Drawing on the emerging experience of the pandemic in the health sector, and considering the implications for potential future fiscal crises, the paper outlines the following six lessons.

  1. Fiscal space is often heavily constrained during periods of national emergency, including in low and low middle-income countries (LMICs). Improving PFM functions to increase the efficiency of health services is one mechanism for expanding fiscal space, but experience shows that many such reforms take a long time to implement and mature. The health sector will not always be the primary recipient of emergency financing, as it was during the COVID-19 pandemic. Finance ministries and Central Budget Offices (CBOs) could consider drawing up rules for emergency financing that have general applicability during crises, benefitting from the lessons of the COVID-19 pandemic.
  2. New spending flexibilities and modalities need to be fully justified and balanced by accountability. Some of the spending modalities used by health authorities to deal with the pandemic may not have been affordable, may have created fiscal risks, and may undermine fiscal sustainability. They should be rigorously assessed by the finance ministry before being approved by the government and adopted by the health authorities. The criteria adopted by the finance ministry to assess the viability of such schemes should be reviewed after the crisis and lessons drawn on their applicability to future crises. The paper sets out a framework for assessing such risks.

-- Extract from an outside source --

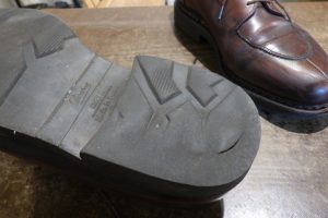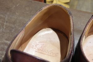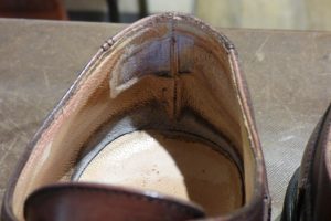 こうなると芯の直接負荷が掛かるので、芯材が柔らかくなり、カカトがフニャフニャになって靴の機能性が低下します。

  3. Some spending modalities used by the health authorities, notably the large number of special COVID-19 funds, can only be economically and financially justified to the extent that the pandemic persists. Most of these funds should then be wound up based on clearly defined sunset clauses, and any surplus resources returned to the treasury.

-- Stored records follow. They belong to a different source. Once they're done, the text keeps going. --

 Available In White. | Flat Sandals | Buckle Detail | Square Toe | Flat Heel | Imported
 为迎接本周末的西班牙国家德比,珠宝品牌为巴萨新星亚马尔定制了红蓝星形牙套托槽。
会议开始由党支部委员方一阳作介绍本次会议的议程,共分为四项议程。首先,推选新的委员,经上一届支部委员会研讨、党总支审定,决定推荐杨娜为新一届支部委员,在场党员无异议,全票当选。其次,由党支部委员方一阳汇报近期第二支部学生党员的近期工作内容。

  4. Most LMICs need to focus attention on improving the basic features of PFM (especially budget execution) that are fundamental to financing critical spending, including the health sector. Weak capabilities of finance staff working in health ministries as well as the central budget office (CBO) of finance ministries represent another serious constraint. In many LMICs, there are significant gaps in human resources and finance skills, and lack of an effective dialog between the CBO and health services on budget related issues. Some CBOs are unable to exercise an effective “challenge” function when faced with new spending modalities employed by spending ministries such as health.
  5. Some flexibilities (for example, in-year virement of budgetary resources, supplementary budgets, end-year carryover of unspent funds, contingency reserves, single-source procurement) already exist in the budgeting systems – or the laws on national emergencies - of many countries and can be adapted to deal with fiscal crises. These provisions may need to be supplemented by other spending modalities to deal with specific issues (for example, in the case of the COVID-19 pandemic, shortages of medical supplies, slow and inefficient contracting processes). But care should be taken not to overstretch the capacities of the central finance departments of health ministries or expose countries to technical weaknesses and governance vulnerabilities in their financial management systems.

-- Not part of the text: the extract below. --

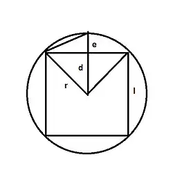 Также Чжао Юцинь пытался точнее рассчитать число π. Для этого разработан соответствующий алгоритм. Он поместил квадрат в круг, обозначив длину радиуса, равное "r", а "l" — это длина стороны квадрата. После чего Чжао нарисовал от центра круга и квадрата перпендикулярную линию "d" до стороны квадрата "i", тогда предположил, что линия "e"=r-d. Отсюда:
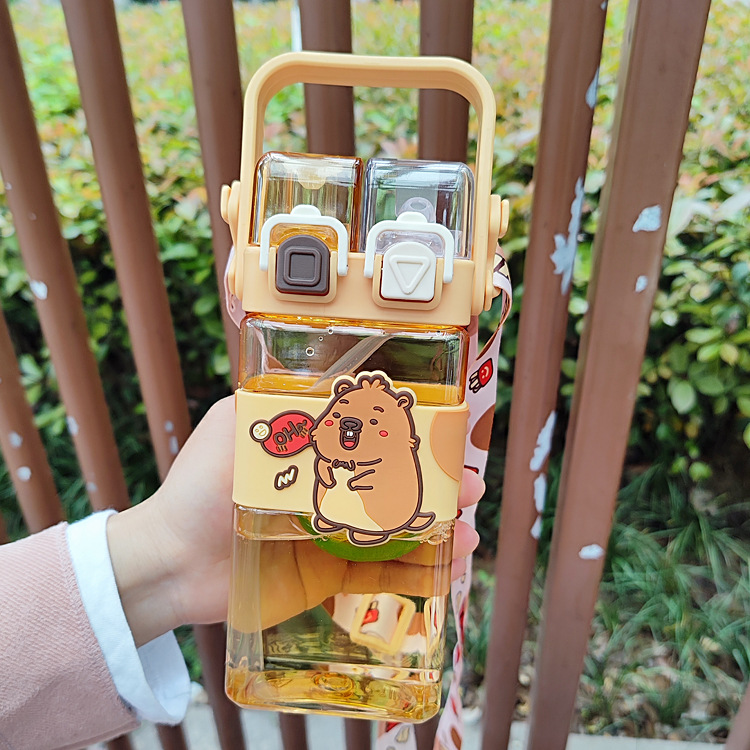 カピバラのプラスチックカップの新型高颜値双飲ストローカップの学生は携帯してかわいい女の子のアニメカップを持っています。

  6. With support from the IFIs and donors, LMICs should focus resources on improving the quality of their institutions and governance arrangements without which spending on health and other core public services will remain vulnerable to risks of corruption and fraud. National audit offices and anti-corruption agencies have an important role to play in that process.


[1] Richard Allen is a global consultant on Public Finance and Co-Editor of the IMF’s PFM Blog. He wishes to thank Hélène Barroy, a Senior Public Finance Expert at the World Health Organization (WHO), for her invaluable contributions to the OECD paper.

[2] An earlier version of the paper was presented to the 5th Meeting of the WHO’s Montreux Collaborative on the relationship between fiscal space, PFM and health financing which took place from November 15-19, 2021.


Note: The posts on the IMF PFM Blog should not be reported as representing the views of the IMF. The views expressed are those of the authors and do not necessarily represent those of the IMF or IMF policy.